It’s barely 2013 and I am already tired of Nicki Minaj.
Like, have you seen the new American Idol posters? They are so bizarre. Not because Nicki is dressed like an evil nun or anything — she sort of looks like a deranged cruise director, but that seems about right — but because the lineup of Randy Jackson, Mariah, Nicki Minaj, and poor Keith Urban just looks WEIRD. Every time I see it, I feel like I accidentally got sucked into an alternate universe. Who would have predicted that, of the original judges’ panel, RANDY would be the one who lasted the longest? Or that Mariah Carey would decide to go get a day job instead of just wandering around her giant penthouse condo feeding her fishes and working out on the Stairmaster in heels? Or that Nicki Minaj would agree to hang out with Mariah all day? Or that Keith Urban was so competitive with Blake Shelton? I worry about Keith. I think this whole set-up is going to make Keith miserable. I hope that being the meat in a Mariah/Minaj sandwich doesn’t drive Keith back to the bottle.

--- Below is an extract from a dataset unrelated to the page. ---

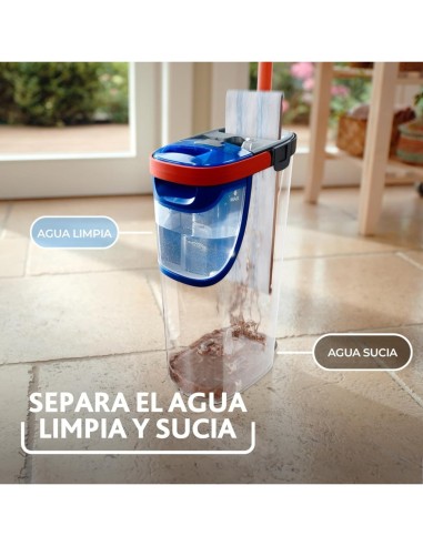 Il Vileda H2Pro Flat Mop System Complete rappresenta una soluzione innovativa per la pulizia dei pavimenti, combinando efficienza, igiene e praticità. Grazie al sistema a doppio serbatoio, l’acqua pulita rimane separata da quella sporca durante l’uso, per garantire un risultato più igienico.

That being said, when I originally saw this picture over the break, it was accompanied by a headline reading, WHAT IS NICKI MINAJ WEARING? and I naturally assumed she was out in costume as an unusually sparkly dolphin or some shit. Comparatively speaking, this is practically normal! SURE, her nipples are one deep breath away from making a run for it, but she is serving some Kelly Rowland Realness with those bangs, and who doesn’t love an aggressive epaulet during the holidays? Everyone really WAS on vacation last week.